◆ What you need to do:
Print exactly the lines that run from the opening line of the material through the line with "Eine KTM 1290", and nothing else, leaving out pictures.

◆ Task data:
>>>

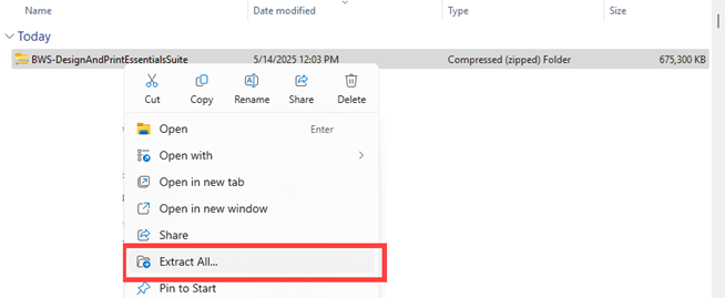 Note: You can also transfer this zip folder to portable storage (USB) to complete the installation process to an offline PC.
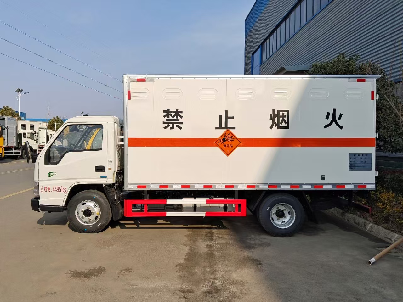 | 貨箱配置 | 廂體為雙層金屬骨架結(jié)構(gòu),外板采用冷軋鋼板,中間填充阻燃泡沫,內(nèi)飾為鋁板。底板為平板上鋪防靜電膠皮。廂內(nèi)兩側(cè)加裝固定貨物臥環(huán),門框帶防盜報(bào)警器,頂部帶煙霧報(bào)警器,廂體右側(cè)選裝側(cè)門,隨車配2個(gè)滅火器,危險(xiǎn)標(biāo)志牌,防火帽,危險(xiǎn)品三角頂燈。 | ||
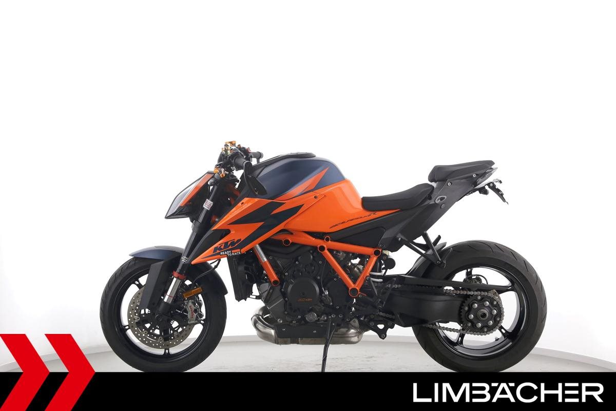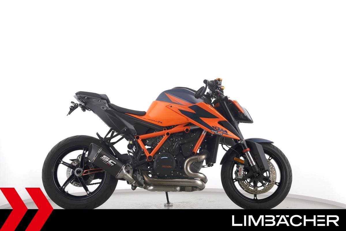 Eine KTM 1290 Super Duke R in sehr gepflegtem Zustand u.a. mit SC-Project-Endschalldämpfer sowie kurzem Kennzeichenhalter.
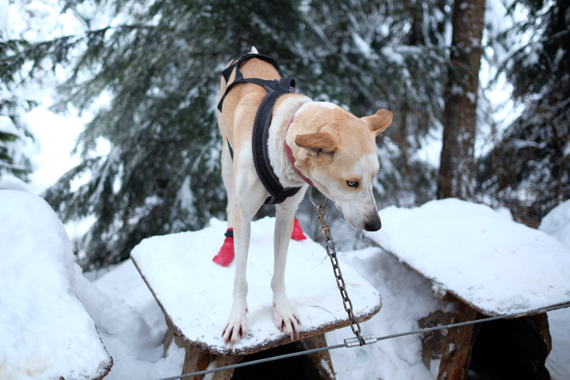 De loin l’activité que j’avais le plus hâte de faire… Je ne le regrette pas ! La sortie était organisaée par Canadian Wilderness Adventures Ltd : nous sommes partis avec un tout petit groupe à une demi-heure de Whistler. Sur place, nous sommes en plein milieu de nulle part où trône une maisonnette et un immense chenil. On entend les glapissements des chiens qui vont être nos guides pour l’heure qui va suivre.
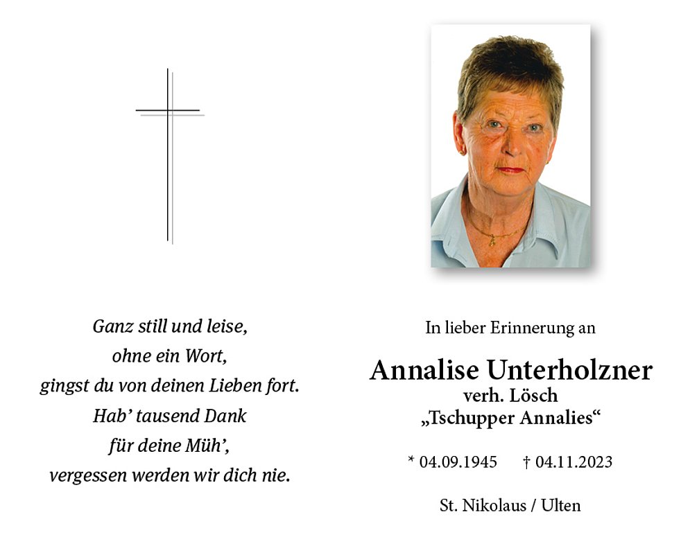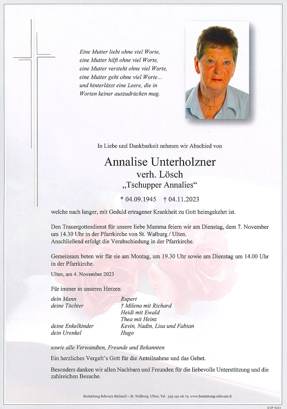 Den Trauergottesdienst für unsere liebe Mamma feiern wir am Dienstag, dem 7. November um 14.30 Uhr in der Pfarrkirche von St. Walburg / Ulten.
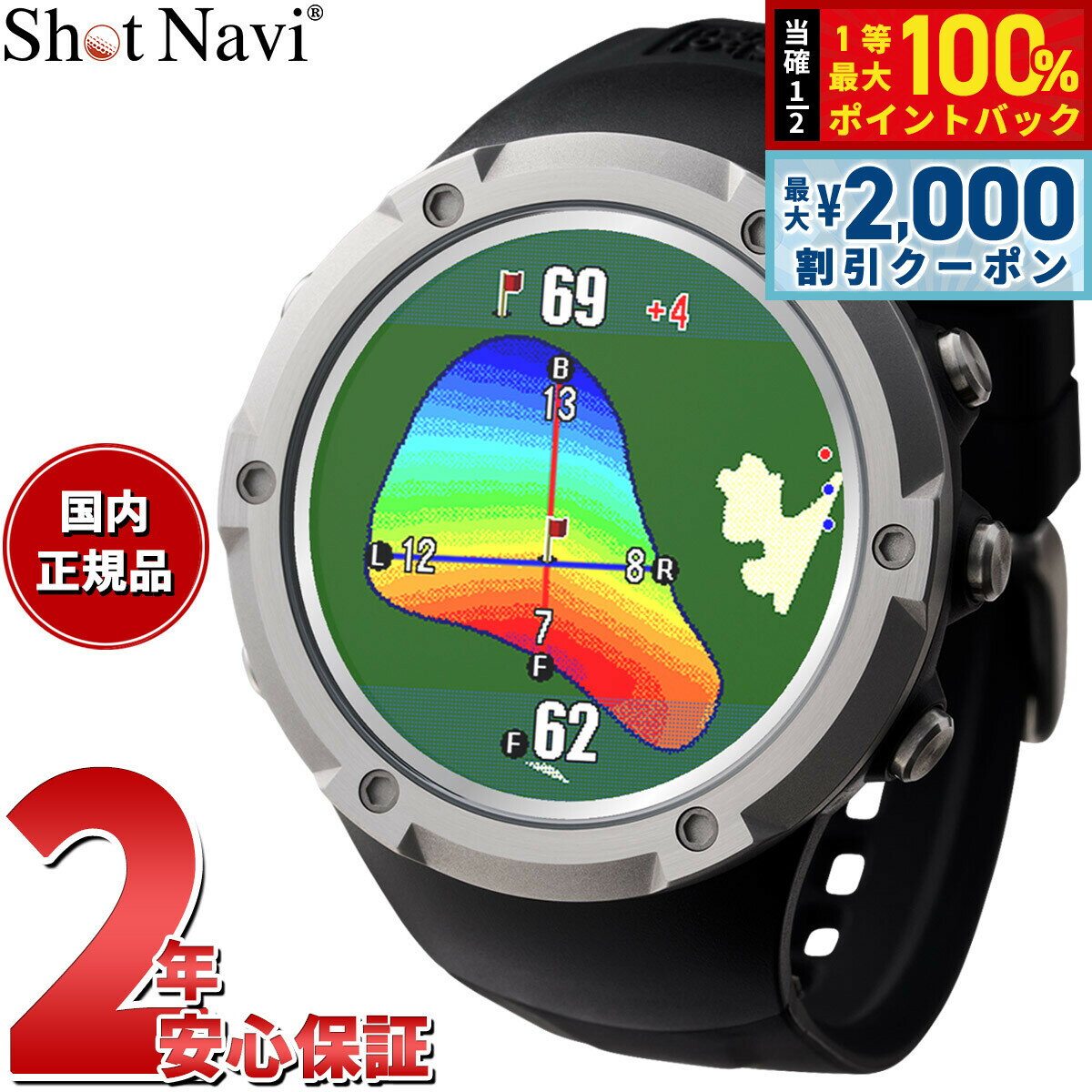 腕時計型ゴルフナビ最大サイズ1.4インチ液晶ディスプレイ。 Dynamic Green Eye、フェアウェイナビ(特許取得)、オートメジャー、オートビューチェンジ、グリーンディレクション、レイアップナビ機能搭載。 MIPカラー反射型液晶。 高精度測位みちびきL1S、ガリレオ、グロナス対応。 腕時計型GPSゴルフナビ。 日本プロゴルフ協会、日本プロキャディ協会推薦品。 国内100%&海外のゴルフ場に対応。 商品名ショットナビ Shot Navi Crest2 クレスト2 腕時計型 GPS ゴルフナビ 距離測定器 距離計測器 ブラック商品番号CREST2-Bブランドショットナビ Shot Naviムーブメントクォーツ(充電式リチウムイオン電池) 【本体仕様】■ディスプレイ:1.4インチ MIPカラー反射型液晶■バッテリー:リチウムポリマーバッテリー■防水:IPX7(生活防水程度)■フル充電時間:2.5時間(PC経由時)■使用時間GPS使用時:最大約9時間時計モード:約20日※バッテリーの連続使用時間は使用機能・期間などにより変化します。 ■データ更新:PC USBストレージモードによるデータ更新■マルチ衛星対応■Dynamic Green Eye■フェアウェイナビ■エイム機能■リアルディスタンス■レイアップナビ■オートメジャー■オートビュー■目安距離■高低差■推奨番手■飛距離計測■地点登録■コースレイアウト■ハザード表示■ドライビングサークル■レイアップサークル■同心円■スコアカード■アプリ連動■競技モード■どでか文字■通知機能■歩数系■Bluetooth■海外対応■国内100%収録■Made in Japan風防素材強化ガラスケース素材PC-ABSケースサイズ51.6×46mmケース厚13.7mmバンド素材シリコンバンド留金タイプ尾錠バンド幅20mm腕周り(最大)21cm本体重量63g保証期間メーカー1年間保証付属充電/通信用USBケーブルType-C、クイックスタートガイド兼保証書、ウォッチケースその他のサービスショットナビ Shot Navi Crest2 クレスト2 腕時計型 GPS ゴルフナビ 距離測定器 距離計測器 ブラック腕時計型ゴルフナビ最大サイズ1.4インチ液晶ディスプレイ。 Dynamic Green Eye、フェアウェイナビ(特許取得)、オートメジャー、オートビューチェンジ、グリーンディレクション、レイアップナビ機能搭載。 MIPカラー反射型液晶。 高精度測位みちびきL1S、ガリレオ、グロナス対応。 腕時計型GPSゴルフナビ。 日本プロゴルフ協会、日本プロキャディ協会推薦品。 国内100%&海外のゴルフ場に対応。
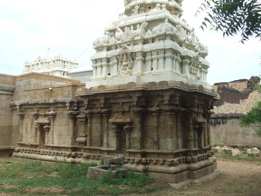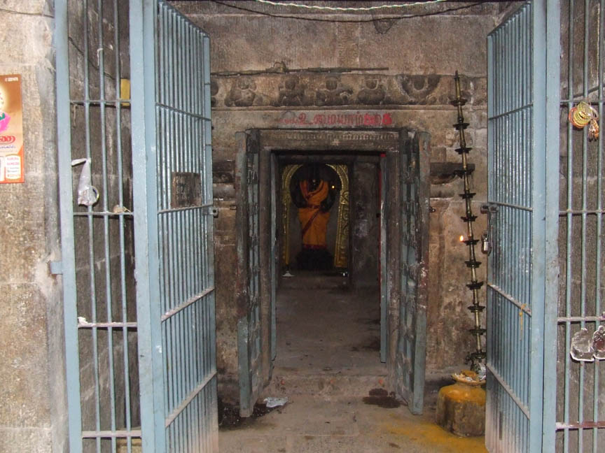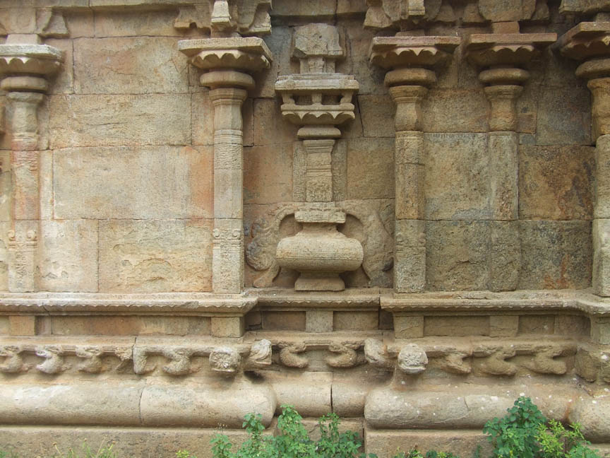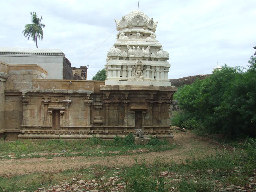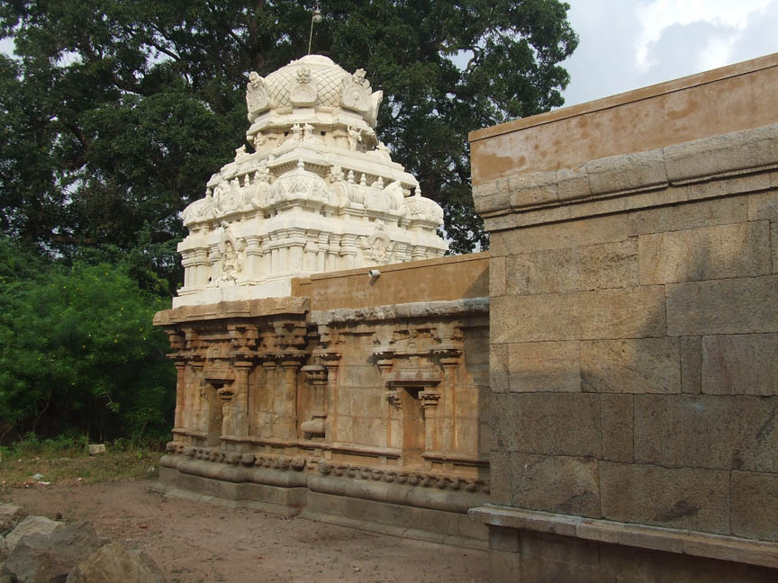 On the northern side of the outer prakara is a shrine for goddess Umayambigai facing south. The shrine consists of a mukhamandapa, ardhamandapa and a sanctum. A tile-roofed structure also adjoins the mukhamandapa in the front. A newly constructed tower crowns the sanctum. ![]() THE SHRINE OF UMAYAMBIGAI Coming to the outer side of the shrine it has a basement of pratibandha type with the components of upoupana, upana as inverted padma, jagadi, rudra kumuda, prativari with projected makaras at the corners and uparikambu. Above the basement raises the wall. In between the adhistana and the wall is the vedika with kambu and vedikanda. Above the vedika is the pattika with urdhuva padma and uparikambu. This symmetry also extends for the outer wall of ardhamandapa. ![]() THE EASTERN SIDE VIEW OF THE SHRINE Above the vedika raises the wall. The entire vimana is parted as three segments called the patthis, which also extends to the upper tiers of the vimana. The corner patthis are called the karnapatthis, which are similar in size. In between the karnapatthis is the projected sala patthi, which is little bigger than the corner one. The sala bhadra hosts a niche whereas it is absent in the karnapatthis. In the sala bhadra in between the middle two pilasters houses a koshta in the center flanked by split pilasters. The sala koshta is depicted as a shrine but it is empty. ![]() THE REAR VIEW OF THE SHRINE The wall is adorned with six ornate pilasters with a square base and nagabanda in the corners. Above the square raises the vishnukanta shaft with the upper parts of kattu, kalasa, tadi, kudam, pali, palakha and veerakanda. But the split pilasters of the koshta are having a square base and a rudra shaft with the same upper features. The uttira, vajana and kapota with kudu arches form the roof parts. Above the roof is the bhumidesa, griva, shikara and stupis. ![]() THE WESTERN SIDE VIEW OF THE SHRINE As for the pilasters the potikas are madalai in style with the spout like nanudal extending on sides. The madalais support the uttira above. Vajana, valabhi and kapota are the other roof parts. The valabhi is adorned with bhutavari and kapota with kuduarches. Above the kapota is the later constructed two tier vimana with dravida shikara. ![]() THE KUMBHAPANJARA In between the sanctum and ardhamandapa is a recess where Kumbhapanjara is shown. Above the pot shaped kumbha raises the pilaster with usual upper parts. On either side of the kumbha are the festoons. The roof portion of kapota with kudu arches and bhumidesa is seen. Above the bhumidesa is the griva and shikara. On the eastern side of the sanctum wall a water outlet for sanctum water, a spout like extension is seen. Under the spout a square shaped stone cistern is kept to collect the water. Like the sanctum wall, four pilasters and a koshta in between the middle pilasters adorn the wall of ardhamandpa. The features of pilasters and koshta and the roof structures are same as like the sanctum. The interesting feature to note in this shrine is the bhutavari. Both male and female ganas are seen in the series. Most of them are musicians with string, blowing and percussion instruments. Some are also in dancing posture. Conch, drum, damaru are the instruments found. They are shown in ecstasy. ![]() THE INNER VIEW OF THE SHRINE Coming to the inner side of the shrine the sanctum is cubical in shape with .78 mts in east west and .77 mts in north south direction. Uttira, vajana and valabhi are the roof parts shown in the wall. The roof of the sanctum is hallowing. The sanctum houses goddess Umayambigai. The deity is also known as Manjalnayaki. The goddess is standing in sama on a circular pedestal with jatamakuta and back right hand holding lotus and left hand holding nilotpava. The front hands are in abhaya and varada. The makarakundalas adorns the elongated ears, a necklace of pointed droplets (arumbucharam) adorns the neck. The goddess is wearing only a lower garment of silk dress with knots flanking on the sides. The rectangular ardhamandapa is .78 mts in east west and 1.37 mts in north south direction. The front wall of the ardha mandapa has parts of basement components with split pilasters flanking the entrance. The split pilasters possess the same features of outer wall pilasters. The door frames are cut little inside the entrance. The jambs are decorated as lotus petals. The roof portion of uttira, vajana and valabhi with bhutavari are seen. This shows that once the temple was simply with a sanctum and ardhamandapa to which the pillared mandapa is later added. ![]() THE MUKHA MANDAPA The mukha mandapa is a pillared hall with structural wall enclosure on east and west. Two rows of three pillars in the middle are seen. Front two pillars are decorative with square base and nagabanda adorning the corners. Apart from this there are two other upper squares with Indrakattu in the middle. The squares are adorned with miniatures and medallions. The rest of the pillars are plain with three squares and two kattus in the middle. The potikas above the pillars are vettu and taranga in style. The potikas holds the uttira, vajana and valabhi joining the roof of the mandapa. The roof of the mandapa is covered with roof slabs. ![]() THE SUBRAMANIA SHRINE ABOVE THE HILLOCK To the south west of the rock cut shrine in the apex of the hillock is a structural shrine for Lord Muruga. The shrine consists of a sanctum and mukhamandapa. Without proper basement components the structure raises as a wall cantoned by pilasters on all sides. The brahmakanta pilasters possess the usual upper parts. Above the pilasters is the vettu potika holding the uttira. And the other roof parts are the vajana valabhi and kapota with rough kudu arches. A newly constructed nagara tower crowns the sanctum. ![]() THE SIDE AND FRONT VIEWS OF THE SHRINE ![]() A flight of seven steps leads us to the mukhamandapa. The six faced Muruga is seated in suhasana on a peacock, karandamakuta with chenni adorns

<<<

◆ Task answer:
 Note: You can also transfer this zip folder to portable storage (USB) to complete the installation process to an offline PC.
 | 貨箱配置 | 廂體為雙層金屬骨架結(jié)構(gòu),外板采用冷軋鋼板,中間填充阻燃泡沫,內(nèi)飾為鋁板。底板為平板上鋪防靜電膠皮。廂內(nèi)兩側(cè)加裝固定貨物臥環(huán),門框帶防盜報(bào)警器,頂部帶煙霧報(bào)警器,廂體右側(cè)選裝側(cè)門,隨車配2個(gè)滅火器,危險(xiǎn)標(biāo)志牌,防火帽,危險(xiǎn)品三角頂燈。 | ||
 Eine KTM 1290 Super Duke R in sehr gepflegtem Zustand u.a. mit SC-Project-Endschalldämpfer sowie kurzem Kennzeichenhalter.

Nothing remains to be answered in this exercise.